Les vers 9-10 sont consacrés au poids des souvenirs. Ils renvoient à l’idée de
péché : « honte », « église », « confesser ». Ce qui semble le plus ancien, ce n’est pas
la « confession » (qui rend neuf) mais la « honte », les « fenêtres [qui] observent » :
une conception très étroite de la morale, qui refuse à un non-pratiquant, à un poète
menant une vie très libre, de rechercher le recueillement. En effet, on relève la
métonymie des « fenêtres » qui renvoie aux regards des autres sur soi. Là encore , on
en retient la peur d’être jugé.
Le poète semble avoir du mal à parler de lui. On remarque que dans certains
vers (1-3-9-10), il est question de lui à la deuxième personne, alors qu’au vers 15 le
«je » réapparaît lorsque le poète n’essaie plus de parler de ses sentiments mais se
contente d’observer le monde.
· « les prospectus les catalogues les affiches » (v. 11) sont définis par le poète au
vers 12 comme les nouvelles formes d’expression poétique : « voilà la poésie ». La
personnification « chantent tout haut » mêle des perceptions visuelles (les
couleurs vives ou les mots en gras sur les affiches) et des perceptions auditives (ces
couleurs sont si éclatantes qu’elles semblent « chanter »). La poésie émane donc
de la publicité, colorée et visible de tous.
· Un deuxième type d’expression écrite est évoqué aux vers 13-14 : la presse avec «
les livraisons» du matin, « les journaux », « mille titres divers » qui désignent cette
fois-ci « la prose » (v.12). Ce sont les parutions à sensation «pleines d’aventures
policières », les romans de gare très en vogue à l’époque. On note dans cet éloge
de la presse la référence surprenante à l’argent avec la mention des «25 centimes
» qui pousse le plus loin possible le détail prosaïque. Apollinaire est sensible au fait
que les journaux ne sont pas chers et qu’on les trouve à profusion, comme le
montrent l’hyperbole chiffrée «mille titres divers», ou encore le mot « pleines ». Le
poète met en valeur les magazines qui envahissent les devantures et se présentent
comme une nouvelle littérature, avec ses "grands hommes"(comme l'épopée).
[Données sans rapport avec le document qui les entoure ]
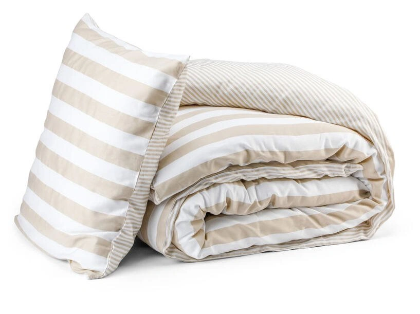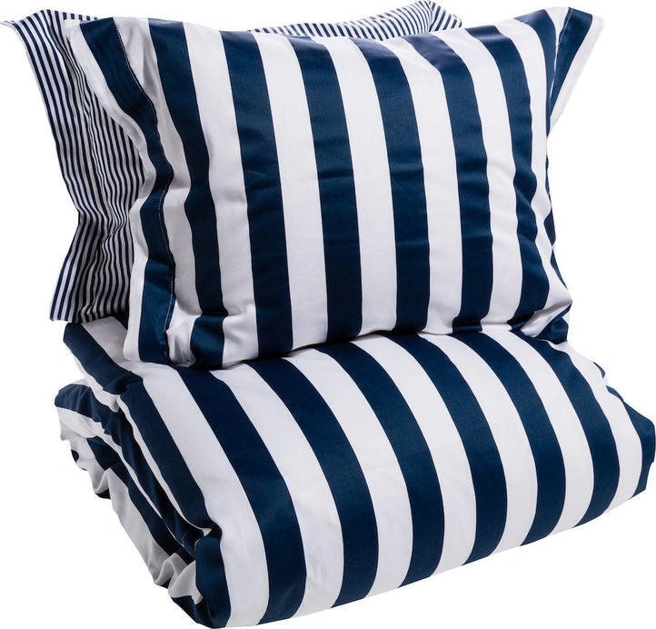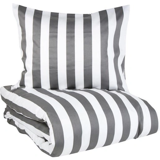Ena sidan har smala lodräta linjer och den andra sidan har breda ränder, vilket gör att du enkelt kan variera känslan i bäddningen. Bäddsetet är tillverkat i 100% bomullsatin och har en mjuk känsla mot huden. Materialet låter också kroppen andas under natten, vilket bidrar till en behaglig sovmiljö.
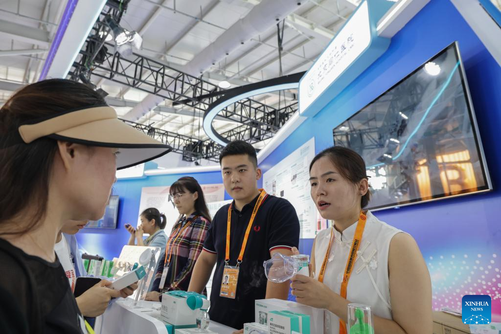 Staff members showcase a home use atomizer at the booth of Beijing Tongren Hospital at the exhibition area of healthcare services of the 2023 China International Fair for Trade in Services (CIFTIS) at Shougang Park in Beijing, capital of China, Sept. 4, 2023. (Xinhua/Zhang Yuwei)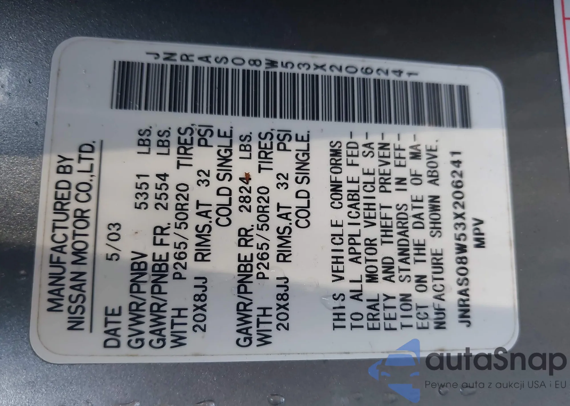 LOT: 42240904 VIN: JN1EV7APXMM700248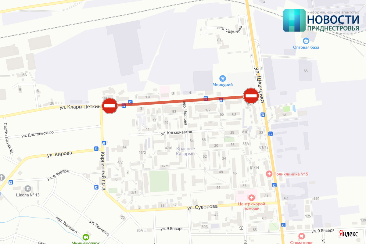 Тирасполь, 15 сентября. /Новости Приднестровья/. С 16 по 30 сентября в Тирасполе перекроют движение автотранспорта по ул. Клары Цеткин от ул. Шевченко до проезда Кирпичного.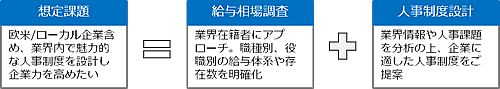 多国籍企業間での人材獲得競争が加熱する中、優秀な人材の採用・定着のためにより具体的な業界・競合の報酬水準を把握して人事戦略を進めたいというご要望が高まっており、本調査サービスを開発いたしました。

· Enfin on remarque que la description des nouveaux modes d’expression écrite se
fait dans un ton simpliste : « voilà » (v.12) ; « il y a » (v.12 et 13) conforme lui aussi
à l’annonce d’un art nouveau.
Cette rue est marquée par des bruits qui pourraient être laids : la sirène
«gémit », la « cloche rageuse […] aboie » ; cependant deux procédés embellissent ces
bruits : les vers 19 et 20 sont des alexandrins réguliers, harmonieux (3-3//3-3) alors
que le reste du poème est en vers libres ; d’autre part ces bruits (gémir, aboyer) sont
animalisés ou humanisés, ce qui les rend vivants, moins mécaniques.
La rue évoquée est caractérisée également par un décor peu harmonieux : les
couleurs « criaillent » (le suffixe est péjoratif) et les termes «enseignes », «murailles»,
« plaques» nous font imaginer une accumulation d’éléments disparates. Cependant
ces couleurs variées sont envisagées d’un point de vue positif, grâce à la comparaison
au « perroquet», dont les couleurs très vives sont belles.
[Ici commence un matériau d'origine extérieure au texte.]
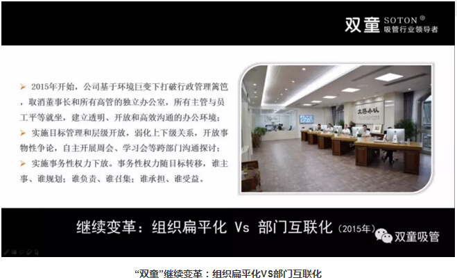 基于時代的改變和挑戰(zhàn),“雙童”在2015年對組織形式做出新的變革,打破行政管理籬笆,通過平等、透明、開放的辦公環(huán)境,消除部門之間的隔閡,實施目標(biāo)管理和層級開放,弱化上下級關(guān)系,自主開展周會等跨部門溝通探討,提升部門工作效率。同時,實施事務(wù)性權(quán)力下放,大家以解決事務(wù)為核心,讓權(quán)力隨事務(wù)轉(zhuǎn)移,誰主事、誰規(guī)劃;誰負(fù)責(zé)、誰召集;誰承擔(dān)、誰受益,一切以工作結(jié)果為導(dǎo)向,也實現(xiàn)了跨部門互通互聯(lián)、共同探討!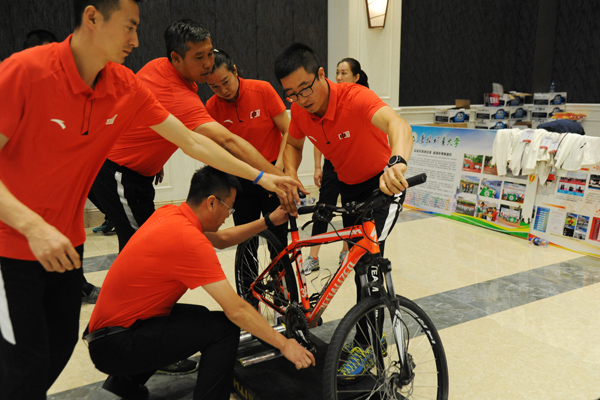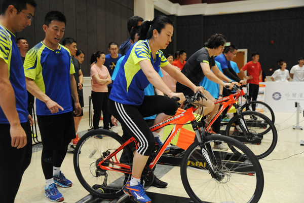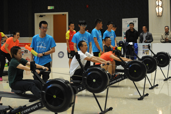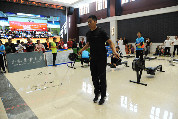 21日上午还举办了体育教师骑划跳混合团体接力比赛,共有16所高校参加了角逐。骑划跳即滚筒自行车-骑行赛、划船机-赛艇赛、跳绳赛,本次比赛为团体赛,每队六人,男运动员4人、女运动员2人,其中tyc7111cc太阳成集团领导1人,50岁以上教师1人。比赛中每人要独立完成1公里骑行、500米划船和100次跳绳,此项目运动强度较大,体能要求教高,这对参赛选手和团队是一次很大的挑战。开幕式上,我校tyc7111cc太阳成集团党委书记孙慧丽致辞,陶永纯主任主持仪式。比赛中,运动员们奋勇拼搏,超越自我,坚持完赛,表现了良好的意志品质和团队合作精神,教师们对本次比赛给予了很高评价。骑划跳是一种训练手段也是一个比赛项目,在我校学生自行车俱乐部及自行车课程中得到广泛开展,校队多次在各种比赛中取得了优异成绩。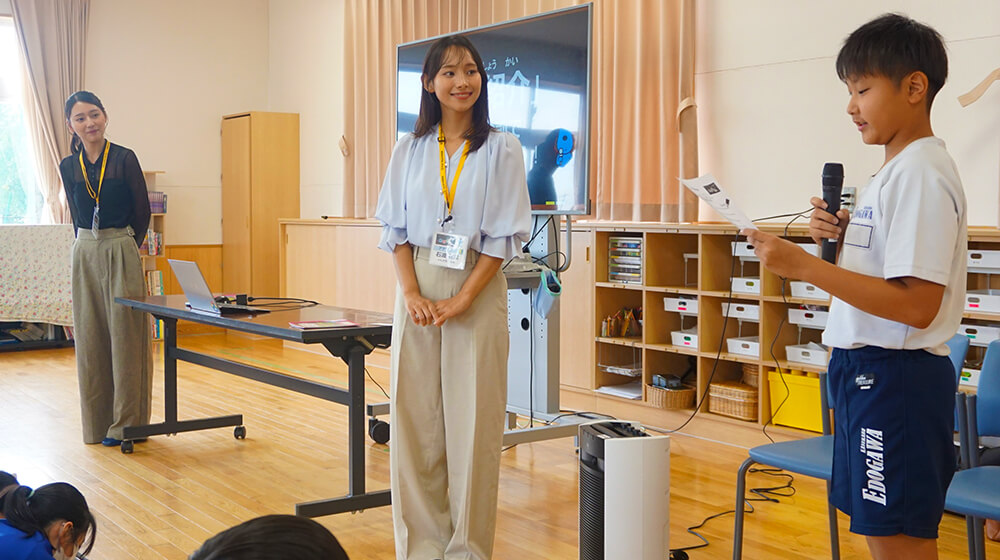 はじめは少し緊張しているように見えたみんなも、講座が始まると積極的に手を挙げ、笑顔で私たちの話を聞いてくれました。滑舌練習の難しい早口言葉も果敢にチャレンジする姿をみて私も学びの多い時間でした。

Par ailleurs, le poète célèbre le monde du travail, facteur d’égalité entre les
hommes. Il prend plaisir à énumérer les activités humaines modernes : « directeurs,
ouvriers, sténo-dactylographes » Tous partagent les mêmes horaires, vivent les
mêmes choses ; les éléments de l’énumération sont tous sujets du verbe « passent »
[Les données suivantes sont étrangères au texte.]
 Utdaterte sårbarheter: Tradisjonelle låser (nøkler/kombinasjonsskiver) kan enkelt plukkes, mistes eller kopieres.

et le mélange se ressent d’autant plus qu’il n’y a pas de ponctuation. La longueur du
vers 18 crée une impression de défilé.
Enfin la rue évoquée est située « entre la rue Aumont-Thiéville et l’avenue des
Ternes » : entre un nom un peu noble, un peu pompeux) et un nom plus banal, un
peu triste ; cette rue se situe entre les deux, pas vraiment noble, mais pas si terne
qu’on aurait pu le penser !
Conclusion : Sans renier totalement la tradition poétique qui l’a précédé, « Zone » se
démarque par sa profonde originalité et donne le ton du reste du recueil. La
modernité du poème se traduit ici par une ouverture au monde, et surtout par un
regard nouveau porté sur des choses banales, quotidiennes, dont on peut faire
ressortir la beauté. La forme épouse ici le sujet : c’est un poème résolument moderne
et optimiste, célébrant la nouveauté et l’inventivité de ce début de siècle.